Hochant la tête, j’abaissai mes défenses. L’épée pulsa à nouveau. Lorsqu’elle pénétra dans mon Espace Mental, le plaisir que j’en ressentis cette fois-ci me fit échapper un gémissement involontaire. La créature communément appelée Orchid rougit face à cet acte. Jewel, quant à elle, se maîtrisait mieux, sachant que je n’étais qu’un enfant, mais elle se tortilla tout de même un peu.
À l’intérieur de mon Espace Mental se trouvait l’épée. Elle était transparente et flottait lentement vers le centre de l’espace. Une fois arrivée, des chaînes jaillirent de je ne sais où du sol blanc et liquide et s’enroulèrent autour de l’épée. Ces chaînes n’étaient pas là pour la lier, mais plutôt pour l’ancrer dans mon esprit.
Je pouvais sentir que ce qui se passait fonctionnait, car l’épée devenait de plus en plus corporelle jusqu’à l’être complètement.
Une fois l’épée pleinement présente dans mon esprit, je pouvais aussi la sentir en dehors de mon esprit, comme une sorte de lien. Je pensais que tout était terminé et parfait, mais soudain, une immense ombre émana de derrière l’épée. Elle mesurait cinquante mètres de haut, possédait trois pattes épineuses, un grand thorax chitineux et une grosse tête bulbeuse avec deux yeux composés et de grandes pinces.

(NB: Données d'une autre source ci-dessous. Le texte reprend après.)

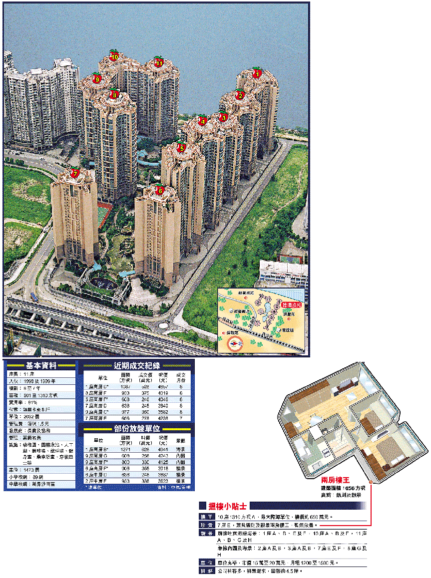 聽濤雅苑兩房戶僅佔總數一成,並非主流,面積由601方呎起,入場費230萬元,較市中心兩房戶貴60萬至80萬元,上車客較少。餘下近九成屬三房連套房單位,當中大部份附設有貯物房或工人房,切合四至五口家庭,樓價300餘萬至600餘萬元。
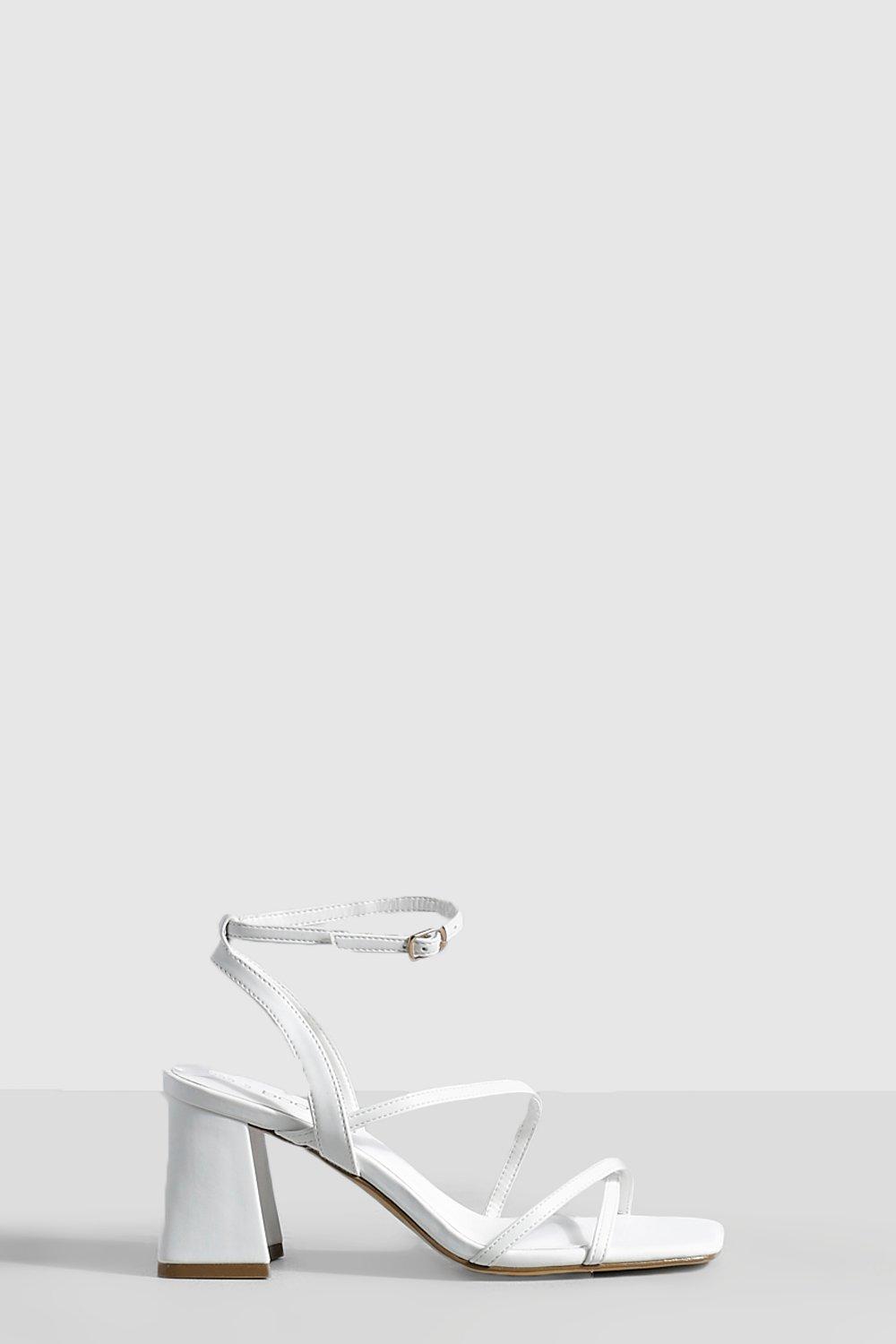 Mabel White Pu Ankle Tie Mid Block Heeled Sandals Public Desire
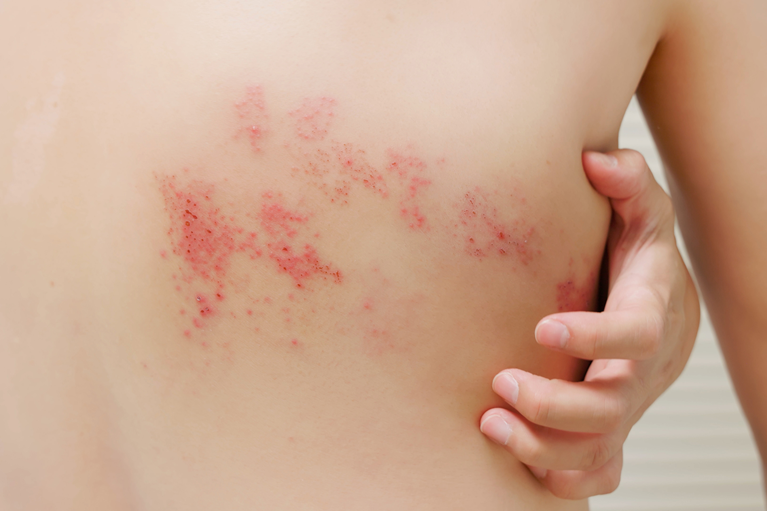 帯状疱疹とは、皮膚のピリピリ、チクチクした痛みに続き、赤い斑点、水ぶくれなどが身体の片側に帯状になって現れる病気です。症例によっては、眠れないほど強く痛むということがあります。
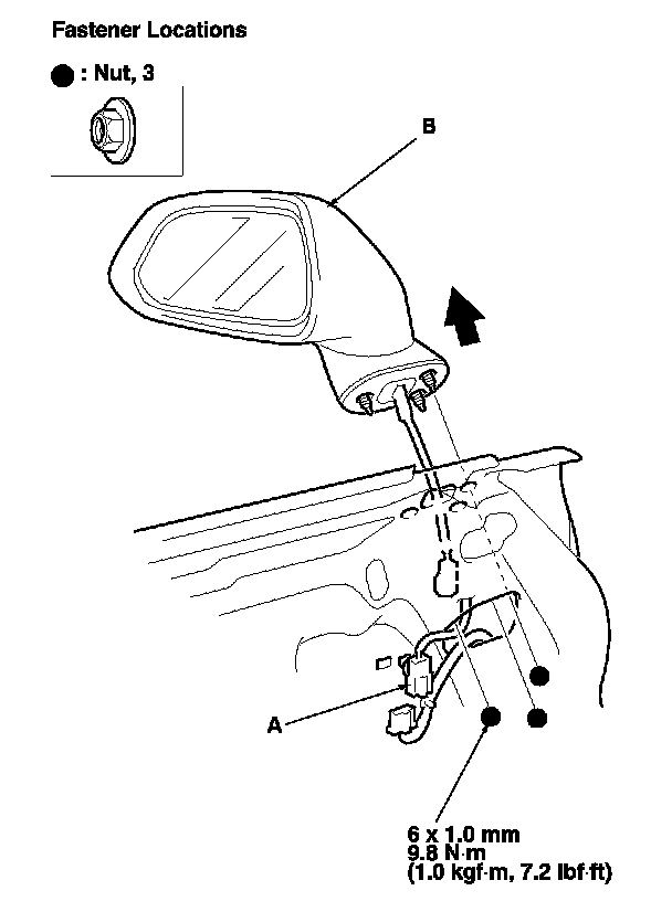 3. While holding the mirror (B), remove the nuts securing the mirror.
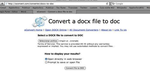 Para convertir los formatos nuevos de Office (versión 2007) y otros formatos existe un servicio online que nos hace el trabajo sucio. Sólo debemos ir a este enlace, oConvert y subir el documento, en cuestión de poco tiempo tendremos el documento en un formato que abriremos sin mayores problemas.
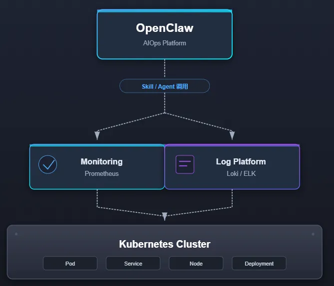 OpenClaw作为智能运维入口,通过Skill调用Kubernetes、Prometheus、日志系统等能力,实现智能运维。
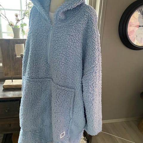 Happy hoodie i katte print, den er oransje og i one size. Den er kjempestor, passer nok de fleste. Både lang i armene og i lengden (se på bildet) jeg er 170 høy og bruker xs/s til vanlig så denne er veldig stor på meg. Kjempe myk inni og perfekt kose genser! Den er pent brukt og ingen bruksmerker som jeg har lagt merke til.🐾
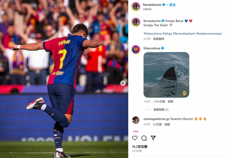 3月31日訊 巴薩在本輪西甲主場4-1擊敗赫羅納,費蘭替補建功鎖定勝局,也延續(xù)了近期的火熱狀態(tài)。第86分鐘,杰拉德-馬丁左路低平球傳中,費蘭跟進停球后推射破門。費蘭-托雷斯也在賽后通過社媒曬出自己的慶祝照,并配文:“依然巴薩!依然鯊魚!”自信而貪婪的鯊魚精神也是費蘭近年一直反復推崇強調(diào)的。 本文標簽: 足球 西甲 巴塞羅那 赫羅納
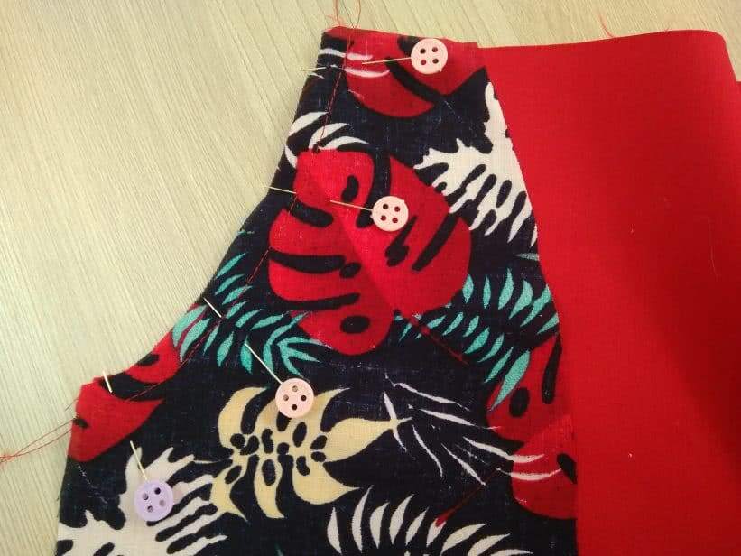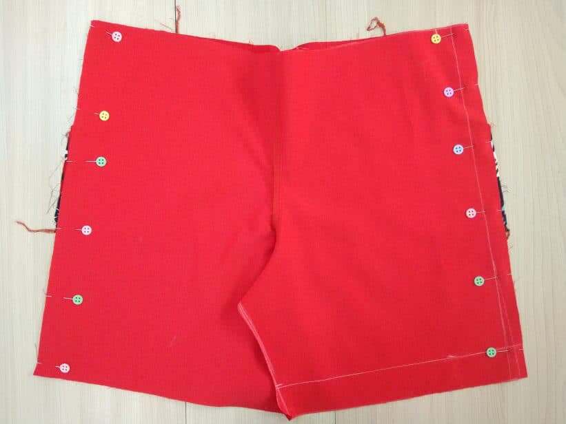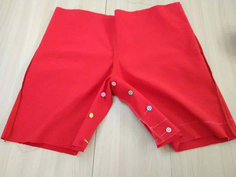 Теперь работа выполняется со вторыми элементами мешковин. Детали нужно наложить одна на другую, направив лицевыми частями вовнутрь. Они скрепляются друг с другом булавками. К самим же шортам они при этом не крепятся.
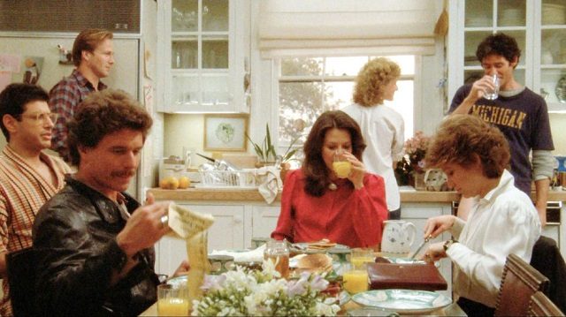 My family used to have a movie on in the living room and cards at the dinner table in full view of the television. The movies were usually crowd pleasers, ranging from When Harry Met Sally to Die Hard, and they were a source of discussion afterward. Those uninterested could drink and play cards, or find other activities to do.
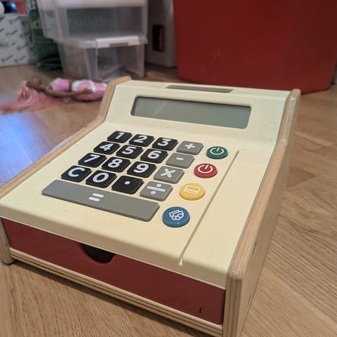 - Kassaapparat med tillhörande varukorg och pengar (använt skick)
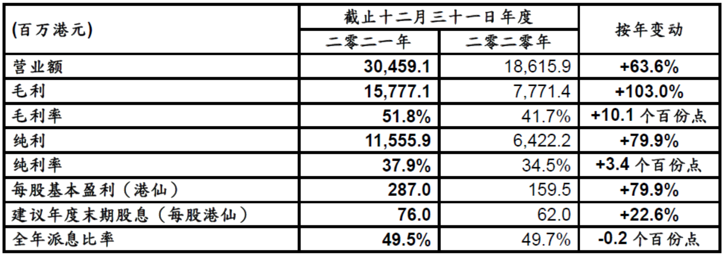 集团财务状况维持稳健,截至二零二一年十二月三十一日,手头现金为10,295.1百万港元(截至二零二零年十二月三十一日:5,304.1百万港元)。董事会建议派发末期股息每股76.0港仙。连同已派发的中期股息66.0港仙,全年共派息142.0港仙,全年派息比率为49.5%。
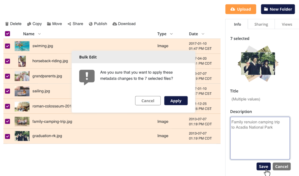Additionally, our metadata entry will soon allow for bulk editing of multiple files’ metadata in response to requests we received from our members. This forthcoming feature will allow you to add or replace the entries for metadata fields for multiple files at a time, as well as change the titles of the files to make them sequential or follow a certain format. Bulk metadata editing is currently in development, and we hope to release the feature later in 2023.

Elle aurait été aussi imposante que Jewel si elle n’avait pas été criblée de trous. En fait, il y avait plus de trous que d’ombre. Elle plana un instant avant de se dissiper dans l’épée.
Je regardai autour de mon Espace Mental un instant pour voir si quelque chose n’allait pas, et soupirai de soulagement lorsque tout semblait en ordre. Avant de partir, je jetai un coup d’œil juste en dehors de mon Espace Mental, vers ce que Jewel appelait le plan psionique, et vis quelque chose de terrifiant. Une créature aux yeux innombrables et au corps incommensurable planait au-dessus de moi.
Je n’eus même pas le temps de réfléchir et activai immédiatement mes défenses avant que la créature ne se transforme en le corps standard de Jewel, haut de quatre-vingts mètres. Je n’avais jamais vu sa puissance psionique sans mes défenses levées, même en entraînement, elle n’avait jamais été qu’entrouverte.
— J’avais oublié à quel point la ruche est réellement terrifiante, murmurai-je avant de quitter mon Espace Mental.